Personal information
- Full name: Ian Alfred Borchard
- Born: 5 August 1957 (age 68) Swan Hill, Victoria
- Original team: Swan Hill
- Height: 177 cm (5 ft 10 in)
- Weight: 76 kg (168 lb)
- Position: Ruck-rover

Playing career^{1}
- Years: Club / Games (Goals)
- 1976, 1978: Richmond (VFL) / 005 0(2)
- 1978: South Fremantle (WAFL) / 001 0(0)
- 1979–86: West Adelaide (SANFL) / 145 (80)
- Total:  / 151 (82)

Coaching career
- Years: Club / Games (W–L–D)
- 2001–02: West Adelaide (SANFL) / 42 (21–21–0)
- ^{1} Playing statistics correct to the end of 1986.

Career highlights
- VFL debut with Richmond on 14 August 1976 v South Melbourne at MCG; WAFL debut with South Fremantle in 1978; SANFL debut with West Adelaide on 19 May 1979; West Adelaide Best & Fairest 1980, 1982; West Adelaide Club Captain 1981-85; West Adelaide Premiership Player 1983; SANFL Jack Oatey Medallist 1983; West Adelaide Football Club Hall of Fame Inaugural Inductee 2005;

= Ian Borchard =

Australian rules footballer

Ian Alfred Borchard (born 5 August 1957) is a former Australian rules footballer who played with in the Victorian Football League (VFL) during the 1970s.

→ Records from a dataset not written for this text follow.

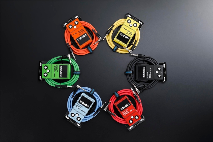 今回発売する楽器用ケーブル『BIC-10A』は、ボスのコンパクト・ペダルのボディ・カラーをモチーフとした6色をラインアップ。高品位な無酸素銅線、編組シールドの採用により、ノイズに強く、しなやかさと高い耐久性を実現しています。
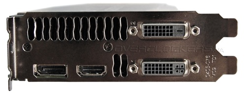 На задней панели расположены разъемы Display Port, HDMI и два DVI. Они занимают значительную площадь, поэтому отверстий для выхлопа воздуха не так уж и много. Частично он реализован и вовнутрь корпуса через прорези сбоку карты возле разъемов SLI.
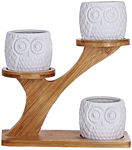 - Owl Succulent Pots with 3 tier bamboo stand is suitable for decorative home and office. Helping you breathe life into roof, patio, shelf, or nook of home, office, apartments, living rooms, bedrooms, balcony, patios, indoor or outdoor garden without taking too much space.
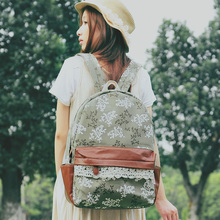 森系文艺帆布双肩包女韩国小清新校园书包韩版初中学生碎花小背包
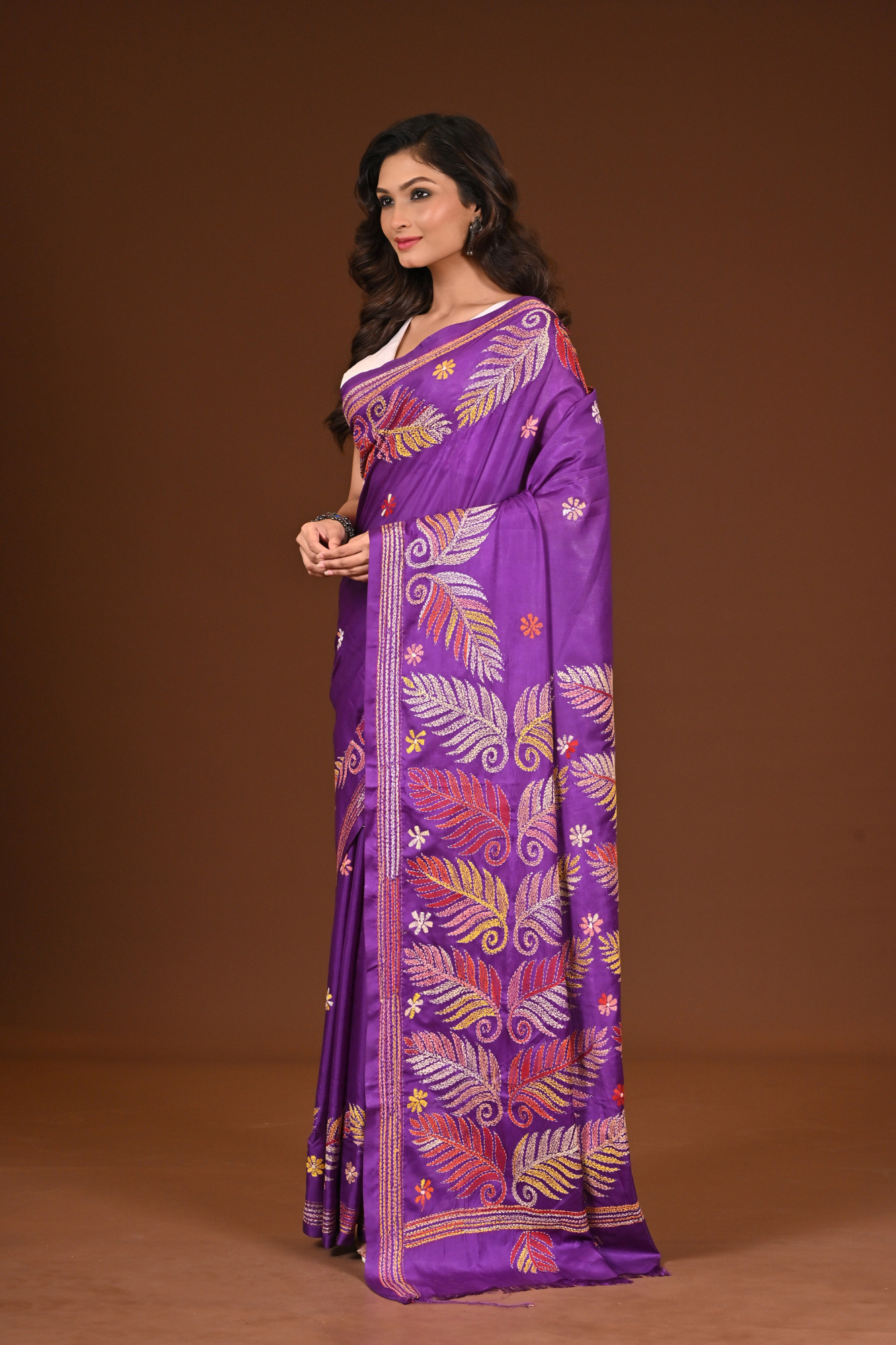 Zari : A blended silk Kantha saree is a traditional Indian saree crafted from a mix of silk and other fibers, adorned with Kantha embroidery—a hand-stitched technique originating from Bengal. These sarees are known for their lightweight drape, smooth texture, and intricate, often storytelling motifs stitched in fine running stitches. The blend of silk gives it a soft sheen and elegance, making it a perfect choice for both festive and casual occasions.
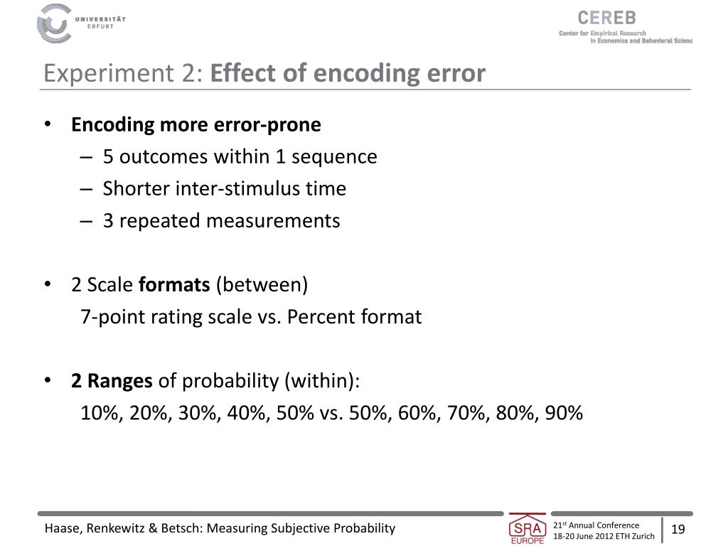 Experiment 2: Effectofencodingerror • Encodingmoreerror-prone • 5 outcomeswithin 1 sequence • Shorter inter-stimulus time • 3 repeatedmeasurements • 2 Scaleformats (between) 7-point ratingscale vs. Percentformat • 2 Rangesofprobability (within): 10%, 20%, 30%, 40%, 50% vs. 50%, 60%, 70%, 80%, 90%
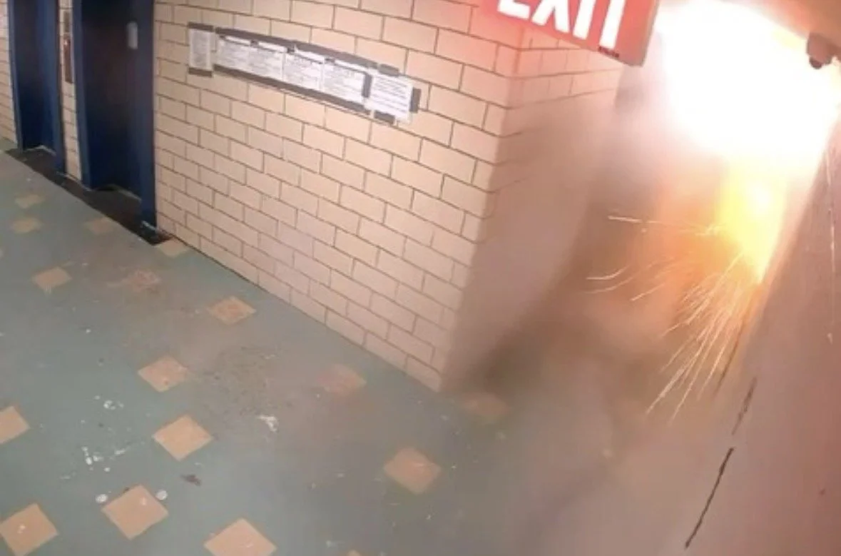 Security camera footage shows a sudden burst of flame ripping through an interior hallway, sending sparks, debris, and fire through the exit corridor.

He also played for West Adelaide in the South Australian National Football League (SANFL).

==Playing career==
===VFL===
Borchard, originally from Swan Hill in Victoria, spent three seasons at Richmond. In the last of those years, 1978, Borchard was cleared to play for South Fremantle in the Western Australian Football League (WAFL) midway through the season, but only lasted one week before he returned to Richmond on 29 June.

===SANFL===
He joined West Adelaide in 1979 and the following season won the first of his two Best & Fairest awards, the other coming in 1982. In 1981, Wests coach Neil Kerley appointed Borchard as captain West Adelaide, with the highlight being the 1983 premiership where he won the Jack Oatey Medal as the player of the match in the Grand Final win over Sturt at Football Park in front of 47,129 fans. Borchard remained captain of The Bloods until the end of the 1985 season when they finished in third place, beaten in the Preliminary final by North Adelaide.

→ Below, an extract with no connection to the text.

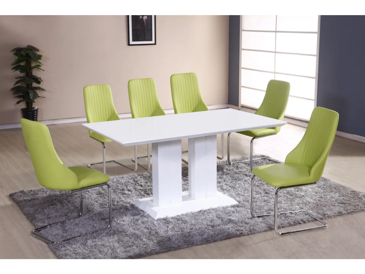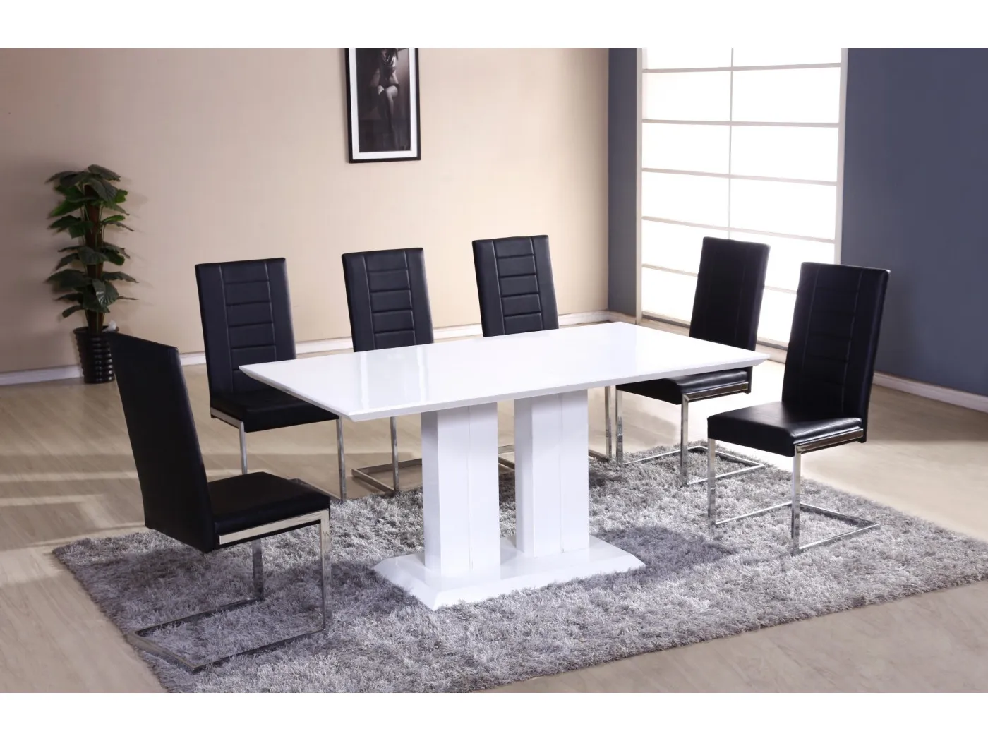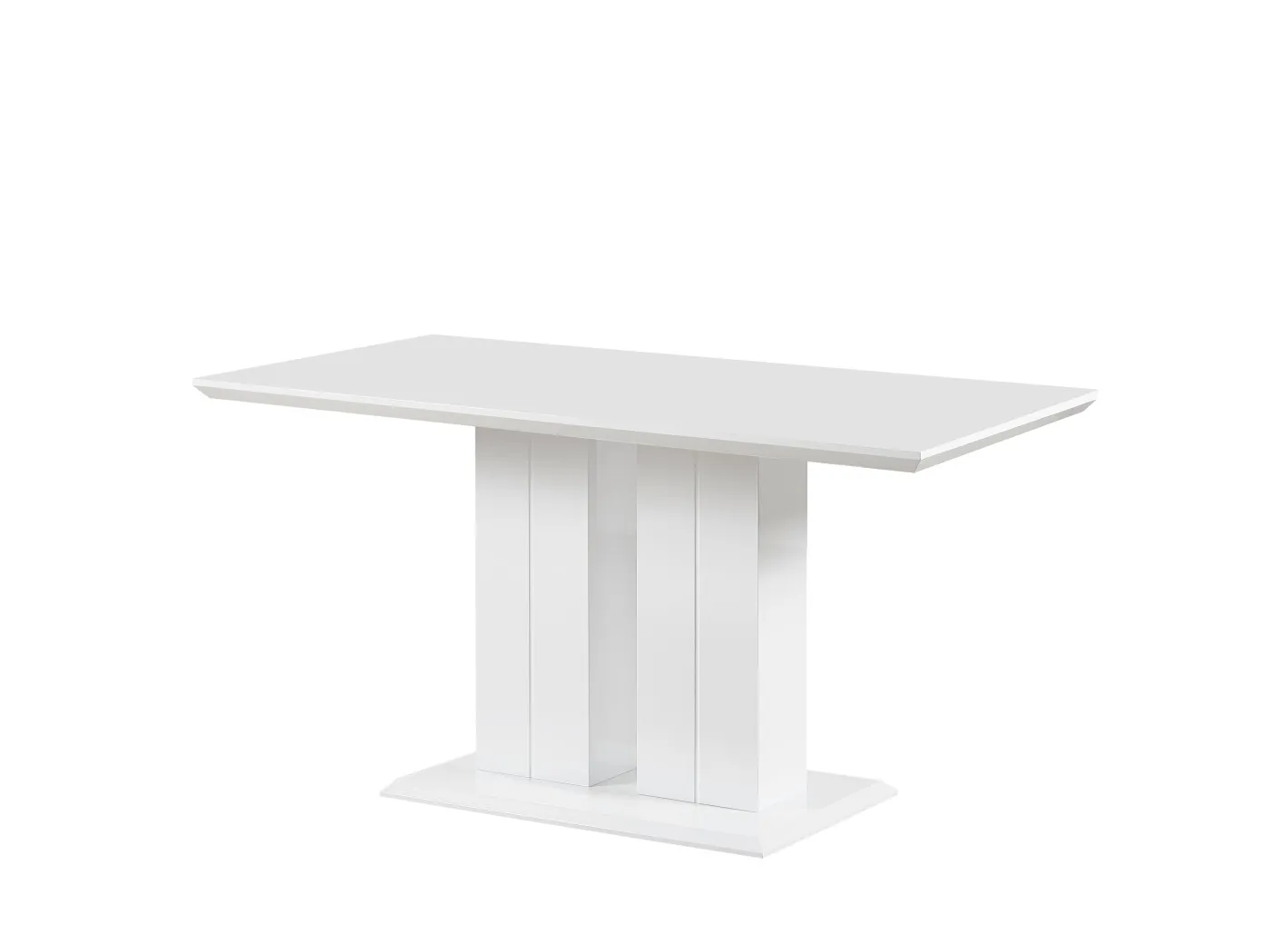 Moderna jedilna miza v beli barvi visok sijaj. Miza ima sredinsko nogo in je fiksna. Zaradi sredinske noge omogoča udobno razporeditev stolov okoli mize. Preprost in eleganten dizajn omogoča, da se miza odlično vklopi v vsako jedilnico. Izdelana je iz materiala MDF.

After the premiership win in 1983, Borchard began to be plagued by injury, only playing in 14 games in 1984, 17 in 1985 when West reached the preliminary final. In 1986, Bloods coach John Cahill replaced Borchard as club captain with Mark Mickan, with injury restricting him to just 3 games for the year. Following the 1986 season, Borchard retired from league football.

==Coaching==
In late 2000 Ian Borchard was appointed coach of West Adelaide. He coached the Bloods to fifth place and the SANFL finals in both 2001 and 2002. After laying the groundwork for a good side, Borchard was replaced as coach of West Adelaide from the 2003 season by former Adelaide Crows and West Adelaide player Shaun Rehn, who in his first season coached the Bloods to their first SANFL Grand Final appearance since 1991.